However, working from home creates the perfect environment for scammers. Targeting remote workers is an easy way to gain access to an organisation’s most sensitive data and information. Hackers and other cyber criminals invade corporate computer systems with the help of unwitting remote workers who may not have the same cybersecurity protections at home as they do while in the office.
Since making the transition to remote working in 2020, cybercrime is up 330%. Those are frightening statistics, especially for small-to-medium-sized businesses. These attacks be financially devastated during a cyberattack or data breach.
With up to 80% of companies continuing to allow remote working in 2021, spammers and scammers are stepping up their attacks on personal devices and home networks. Employers must take action to educate and train their employees on cybersecurity protocols to ensure they are working securely while remote.

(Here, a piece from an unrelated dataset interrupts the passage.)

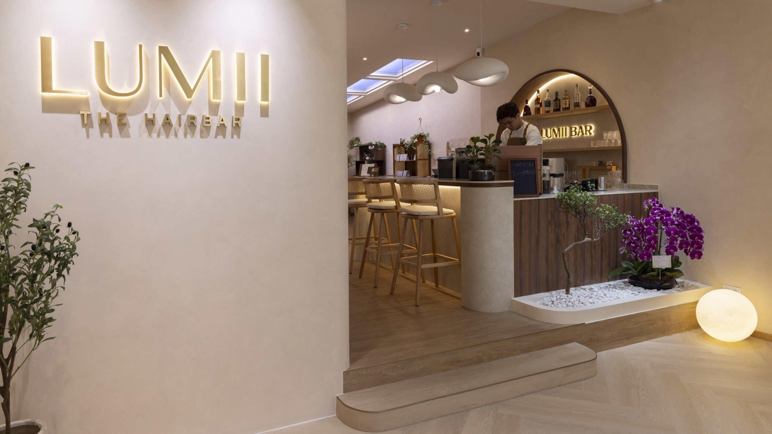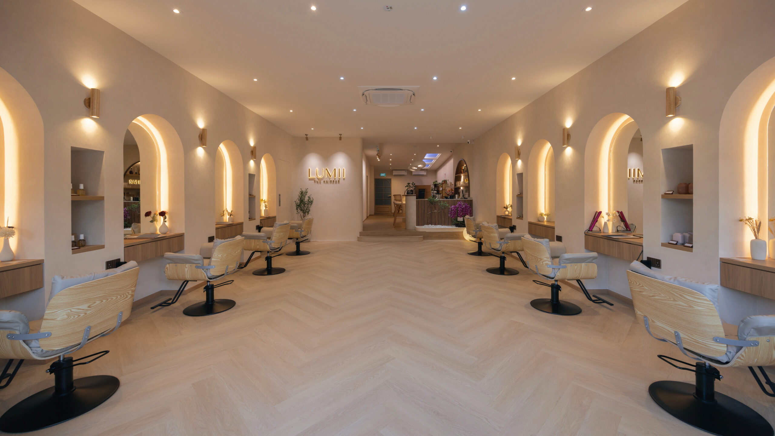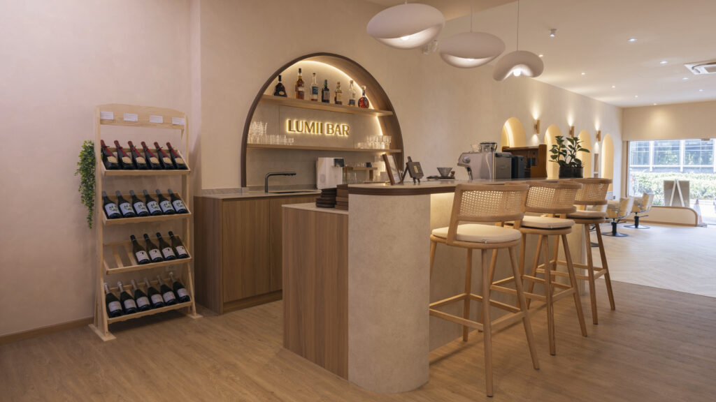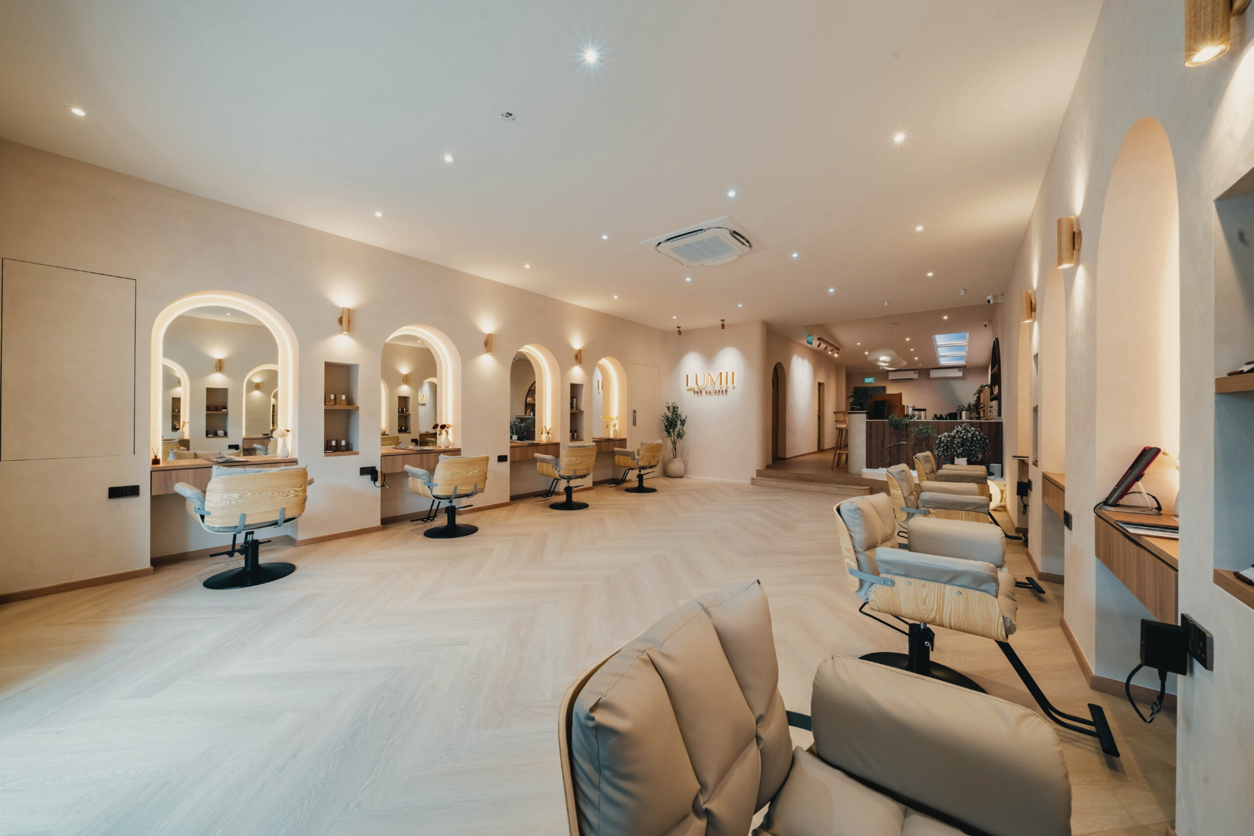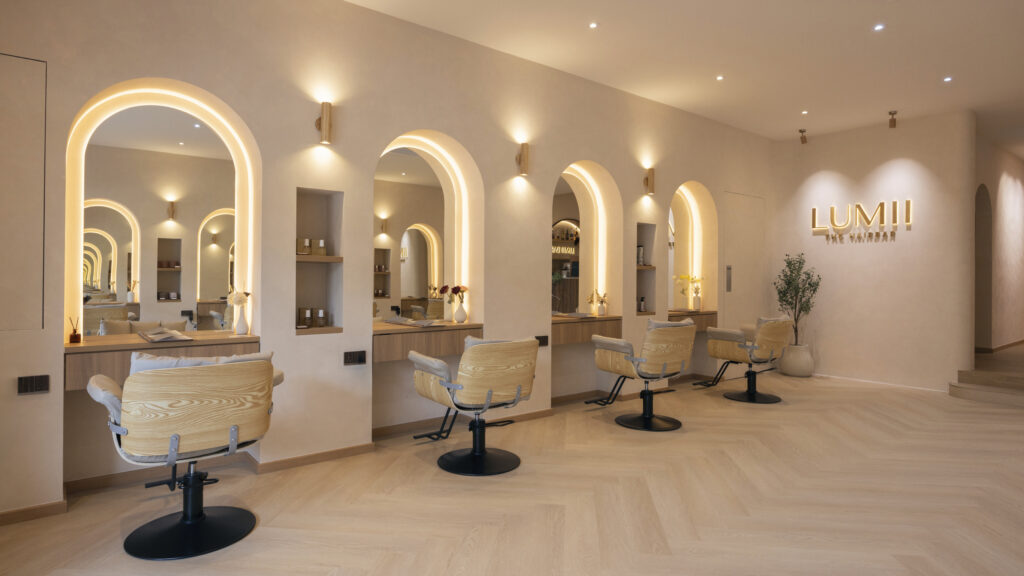 LUMII The Hairbar features a serene and modern retail interior designed to enhance the salon experience. Soft curves, warm lighting, and natural materials contribute to the inviting atmosphere. Arched niches and light timber finishes, along with a neutral color palette, create a calm and welcoming environment. The central LUMII Bar adds a lifestyle element that goes beyond that of a typical hair salon. The overall result is a minimalist yet comfortable space that feels relaxing, refined, and thoughtfully designed for everyday enjoyment.
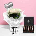 Indulge in the perfect blend of elegance and sweetness with this exquisite gift set. A stunning bouquet of fresh white roses, delicately wrapped in luxurious white paper and adorned with a silver heart-shaped balloon, radiates pure sophistication. The fresh blooms are complemented by a premium box of artisan chocolates, each piece crafted to delight your senses with rich, decadent flavors. Perfect for anniversaries, birthdays, or any romantic occasion, this set captures both beauty and taste in one unforgettable gesture. The sleek black packaging from Casa Flora adds a touch of modern luxury, making it as visually captivating as it is delicious. Surprise someone special with this harmonious combination of floral charm and gourmet indulgence.

Consequences of data breaches
Think your remote workers are protected from cyber attackers and other scammers? Perhaps your business is too small to interest cyber thieves? Think again. Statistics suggest 78% of small-to-medium-sized businesses are targets of hackers and other cybercriminals. Businesses who think they can get away with lax security policies because of their size are often making a costly mistake. There are consequences of failing to have proper security and training for remote workers who are handling sensitive customer data and other proprietary information, including:
- Loss of intellectual property and other proprietary information. Scammers know exactly which information reaps the most rewards. Whilst on the dark web, they work hard to exploit remote workers and under-protected networks. When that proprietary information includes sensitive data about your clientele, it can also cause trust issues. Businesses can and do lose clients over data breaches and may face lawsuits depending on the severity of the breach and the data leaked.
- Brand reputation loss. Short-term revenue is not the only concern when your organisation suffers a data breach. Your customers value their privacy. When data breaches include their sensitive information – emails, phone numbers, social security numbers, financial records – they will be hesitant to continue placing their trust in your business. Prospective clientele also will be leerier of doing business with a brand that has suffered an extensive cyberattack.
- Financial loss. Significant revenue loss always is a possibility when systems are breached. Not only can you lose clients over data breaches, but you also risk having significant downtime while IT works to secure your network and restore services. During that time, remote workers are unable to go about their daily tasks. Other hidden costs that can surmount quickly include regulatory fines and legal fees if client data was exposed.
Your biggest risks (and how to avoid them)
Remote employees pose a huge threat to any network’s security. But, your risks can be seriously decreased by following cybersecurity best practices. These practices are designed to provide added protection against hackers and other cyber thieves.
Here are some of the most common work-from-home cybersecurity risks. Additionally, we’ve addressed what your organisation can do to help safeguard against them.
Risk #1: Phishing Schemes
The risk: Phishing schemes involve a person or entity posing as a legitimate business associate or vendor. Phishing usually occurs via email and tries to trick a worker into providing personal login credentials or other sensitive information. It is difficult to blame employees for falling for these kinds of schemes. Cybercriminals have become quite adept at making these phishing emails sophisticated enough that they are difficult to detect. Phishing emails that get past email filters and end up in inboxes are more likely to be opened, increasing the opportunity for scammers to gain access to valuable information. If a remote worker is fooled, they can give a cyber thief everything they need to hack into accounts to steal sensitive data or engage in identity fraud.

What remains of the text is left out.